The AssetCentre architecture is mainly composed of a main server, an MS-SQL server database, clients, and remote agents that run on engineering workstations (generally, Windows-based machines).
Each agent communicates with the centralized server and can accept and send commands to automation devices, such as PLCs.
“Claroty researchers were able to find deserialization vulnerabilities in a number of remoting services running on FactoryTalk AssetCentre, which handle inter-process communication within an OT network, as well as SQL-injection vulnerabilities in other service functions. These services run with the highest system privileges, meaning that any arbitrary code supplied by an attacker would also execute with those same privileges, allowing full access to the machine.” reads the advisory published by Claroty.
“Deserialization vulnerabilities, meanwhile, are a class of bugs that occur when an attacker is able to inject malicious code into a serialized object that would be executed later when being deserialized.”
The issues discovered by the researchers are deserialization and SLQ injection vulnerabilities, the the flaws have been rated with a CVSS score of 10.
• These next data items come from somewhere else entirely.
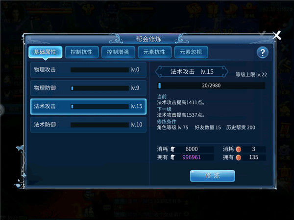 修炼的选择还是根据个人的需求,比如小喵的职业是方士,所以我先点15级的攻击,10级的双防。其他的点2级(因为要的帮贡少)主要点忽视电抗跟火抗。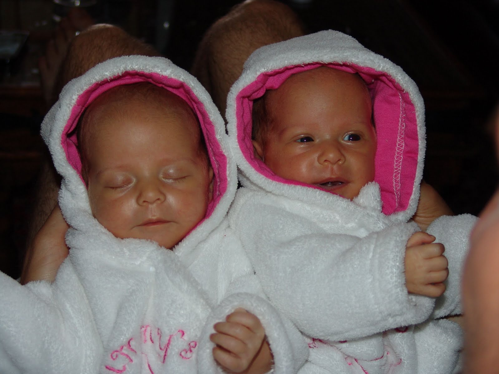 We took them for their injections on Thursday. They did very well, but it was so sad to hear them scream from the pain of the needles in their tiny legs. The Dr. also weighed them and we were both shocked at how much they'd grown in just 2 weeks! Caelyn gained 340g, now weighs 3.33kg (7lbs 5oz) and is 53cm long. Kylie gained 400g so is now only 400g behind Caelyn (vs. 500g), weighs 2.94kg (6lbs 7oz) and is 50cm long.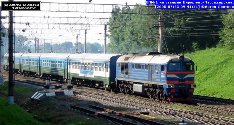 | Дизель поезд ДПМ-1 (тепловоз 2М62У-0127) в последний день работы { The last day of DPM-1 DMU train }, ст. Бирюлево-Пасс. { Biryulevo-Pass. station }, Москва Автор: Артём Светлов | Фото сделано 23.VII.2005, опубликовано 5.VIII.2005.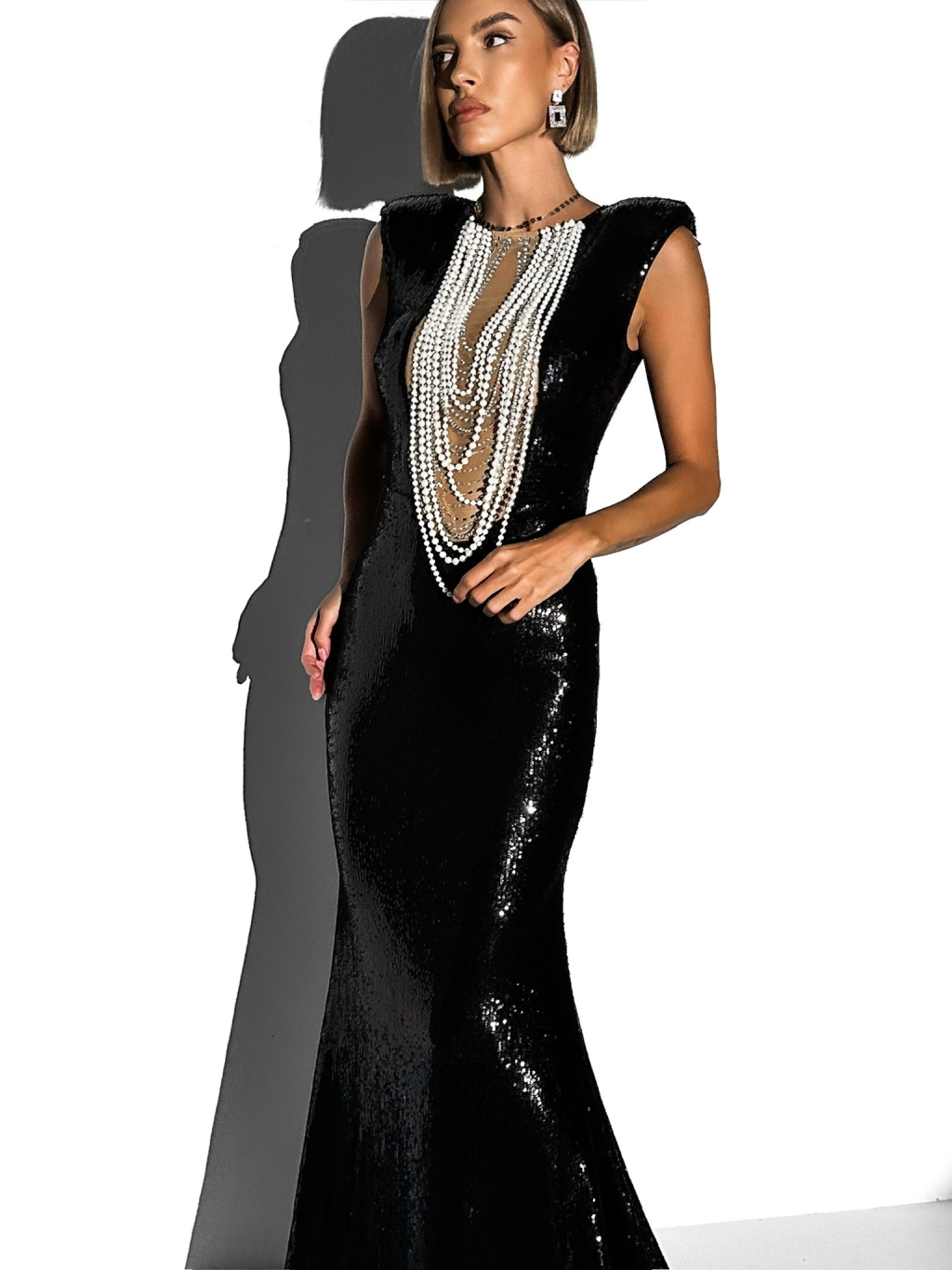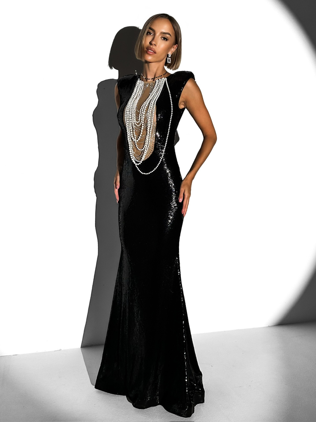 Čierne trblietavé plesové šaty KENTAR s perlami

Claroty experts explained that an unauthenticated, remote attacker could exploit these vulnerabilities to take control of the centralized FactoryTalk AssetCentre Server and Windows-based engineering stations communicating with the server. Finally the attacker could own a facility’s entire operational technology (OT) network and run commands on server agents and automation devices such as programmable logic controllers (PLCs).
“Successful exploitation of these vulnerabilities may allow unauthenticated attackers to perform arbitrary command execution, SQL injection, or remote code execution.” reads the advisory published by CISA.
The advisory published by Rockwell is available here.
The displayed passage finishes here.